(THE RECORDS begins)
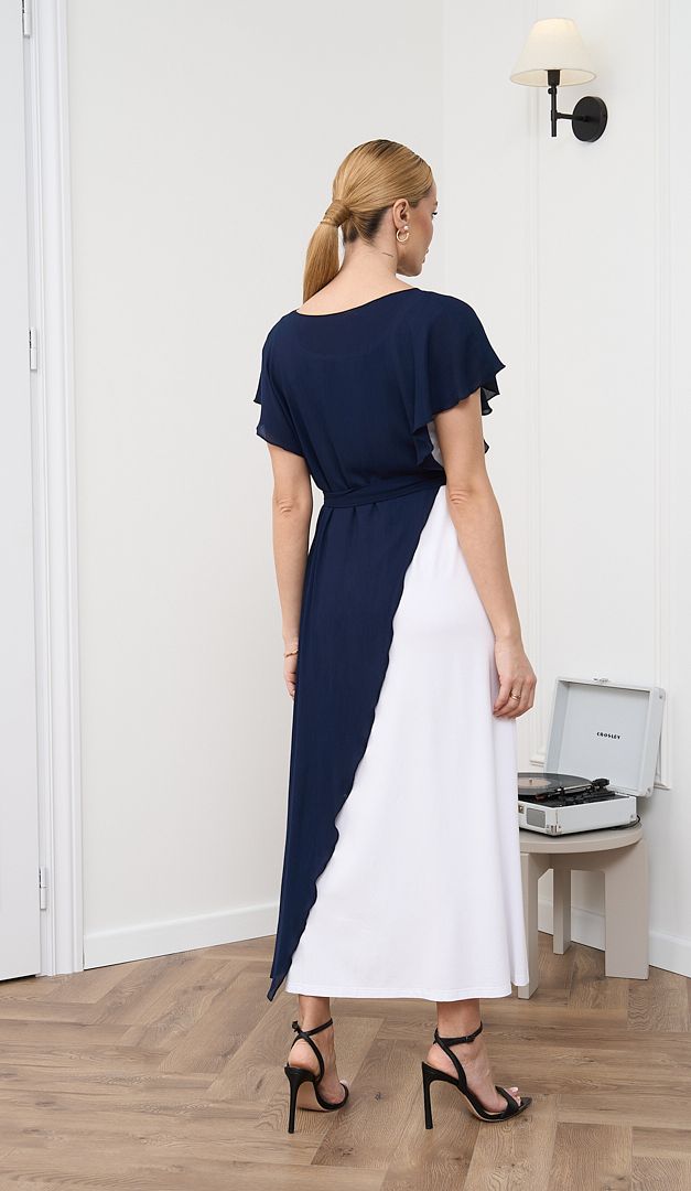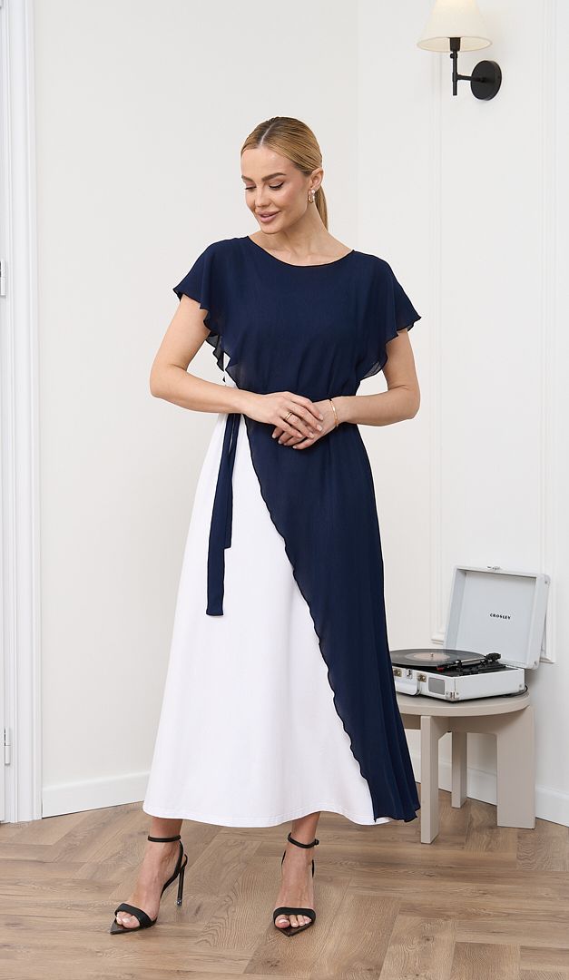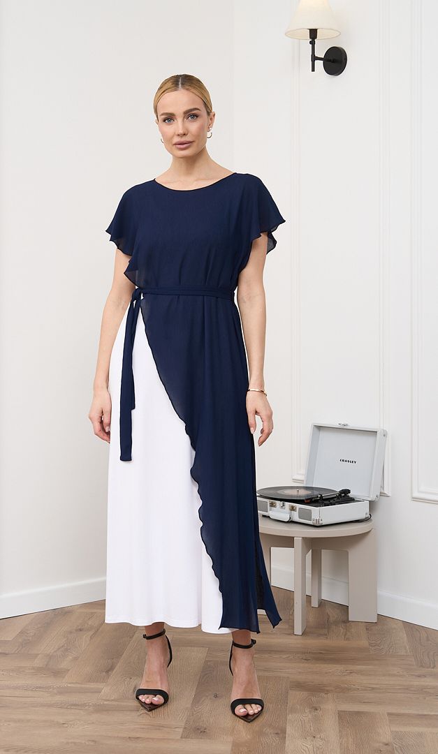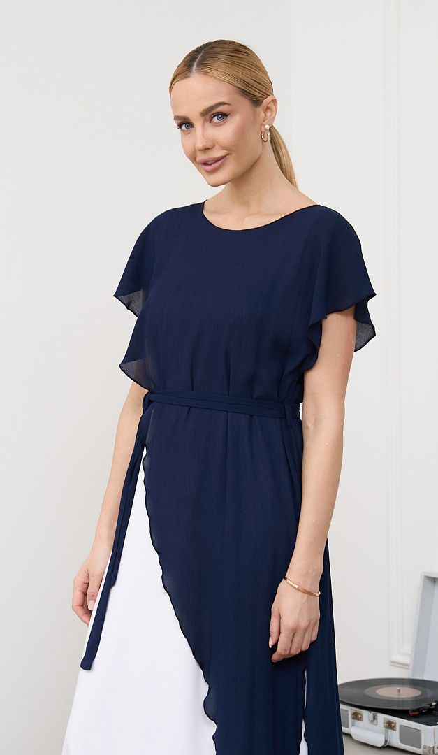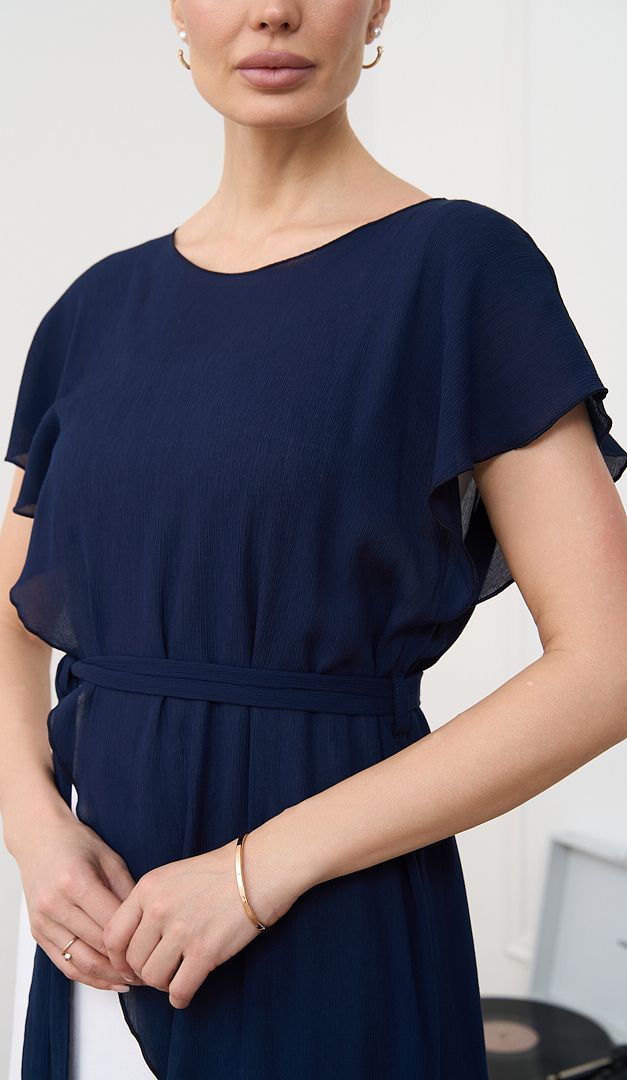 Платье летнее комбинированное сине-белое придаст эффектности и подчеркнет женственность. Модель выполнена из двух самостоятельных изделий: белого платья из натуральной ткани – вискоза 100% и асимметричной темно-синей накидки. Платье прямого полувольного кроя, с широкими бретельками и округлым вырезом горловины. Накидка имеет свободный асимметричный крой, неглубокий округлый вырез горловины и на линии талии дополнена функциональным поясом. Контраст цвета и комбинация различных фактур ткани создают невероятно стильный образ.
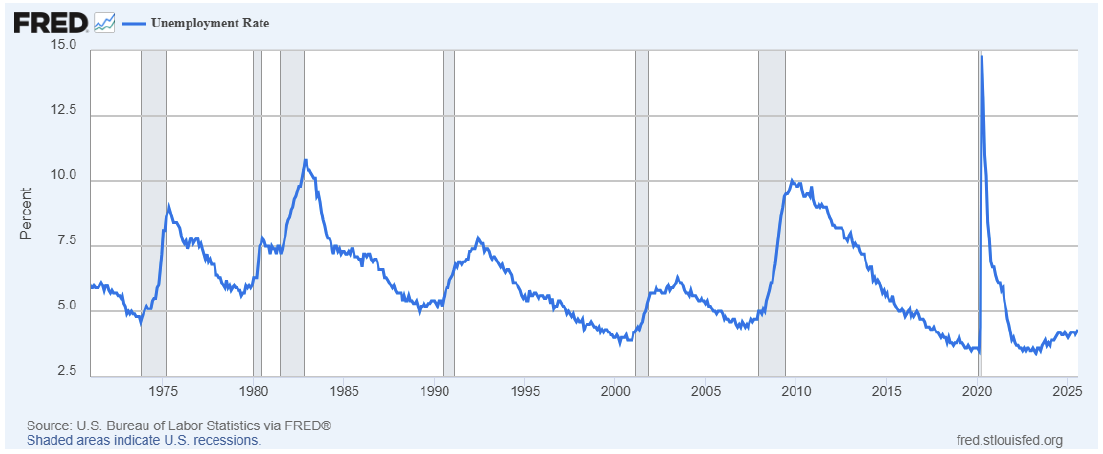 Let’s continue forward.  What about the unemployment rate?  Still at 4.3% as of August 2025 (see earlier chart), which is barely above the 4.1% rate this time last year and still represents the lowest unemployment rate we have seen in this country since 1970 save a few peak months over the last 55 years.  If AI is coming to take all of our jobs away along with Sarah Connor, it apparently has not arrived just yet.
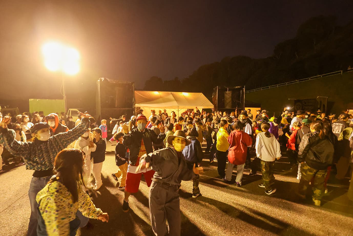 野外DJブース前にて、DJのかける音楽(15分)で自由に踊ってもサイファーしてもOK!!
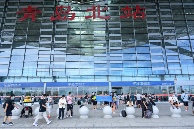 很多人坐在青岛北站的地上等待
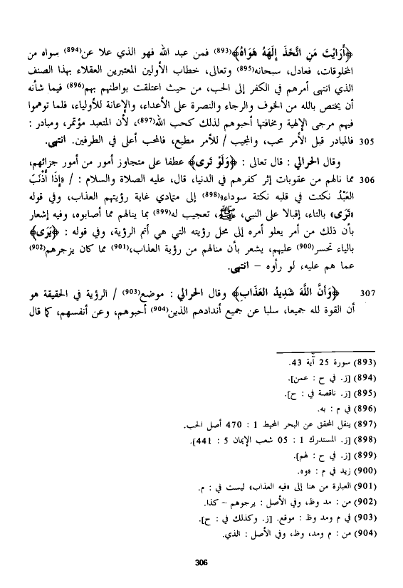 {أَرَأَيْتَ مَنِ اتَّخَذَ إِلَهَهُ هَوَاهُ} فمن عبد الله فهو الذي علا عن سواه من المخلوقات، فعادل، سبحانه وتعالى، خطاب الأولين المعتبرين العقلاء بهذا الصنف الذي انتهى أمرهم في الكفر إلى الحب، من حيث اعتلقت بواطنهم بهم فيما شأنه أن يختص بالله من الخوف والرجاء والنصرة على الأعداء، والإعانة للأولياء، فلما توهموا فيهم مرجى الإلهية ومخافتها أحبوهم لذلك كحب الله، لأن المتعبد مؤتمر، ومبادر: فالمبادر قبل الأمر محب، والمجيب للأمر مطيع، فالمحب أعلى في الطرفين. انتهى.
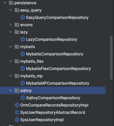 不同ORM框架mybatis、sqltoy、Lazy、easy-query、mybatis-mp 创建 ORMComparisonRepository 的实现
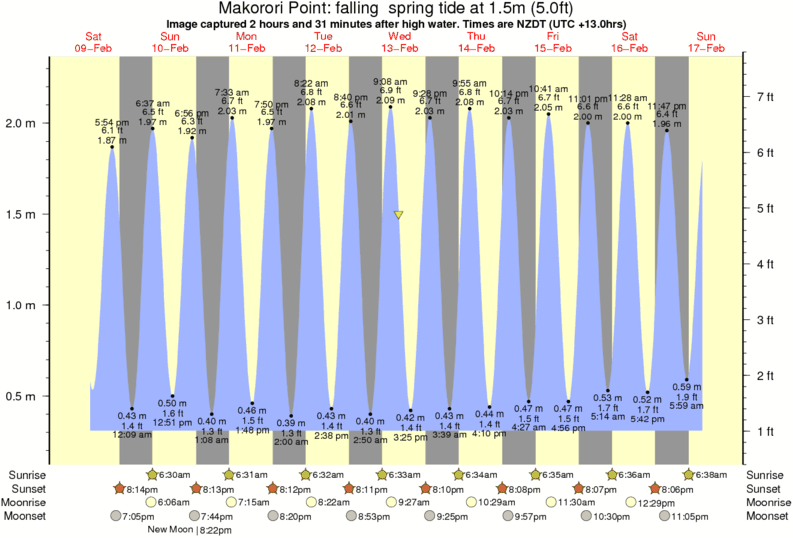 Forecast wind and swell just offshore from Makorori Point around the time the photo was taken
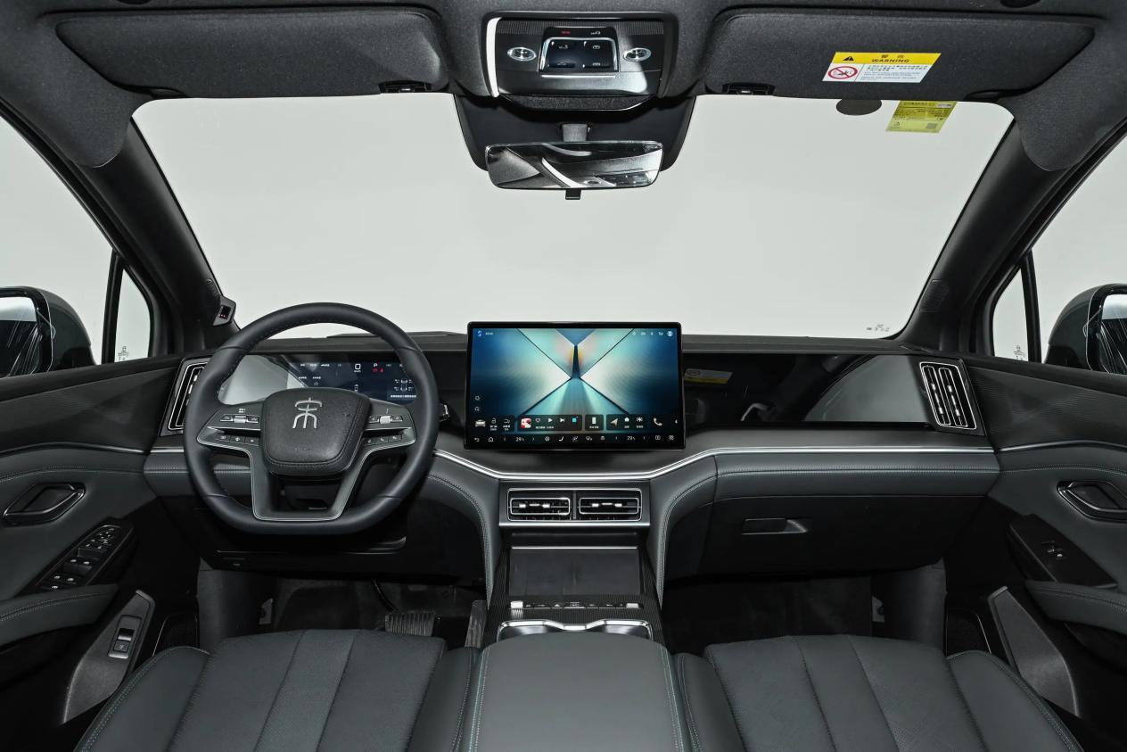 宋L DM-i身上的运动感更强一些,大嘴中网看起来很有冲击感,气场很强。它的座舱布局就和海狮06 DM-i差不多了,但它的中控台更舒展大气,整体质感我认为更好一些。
(THE RECORDS ends)
■ TASK ■
Write out exactly, and only, the lines running from the line with "Forecast wind and" to the last line above, both included, with all pictures omitted.

■ YOUR RESPONSE ■
 Forecast wind and swell just offshore from Makorori Point around the time the photo was taken
 宋L DM-i身上的运动感更强一些,大嘴中网看起来很有冲击感,气场很强。它的座舱布局就和海狮06 DM-i差不多了,但它的中控台更舒展大气,整体质感我认为更好一些。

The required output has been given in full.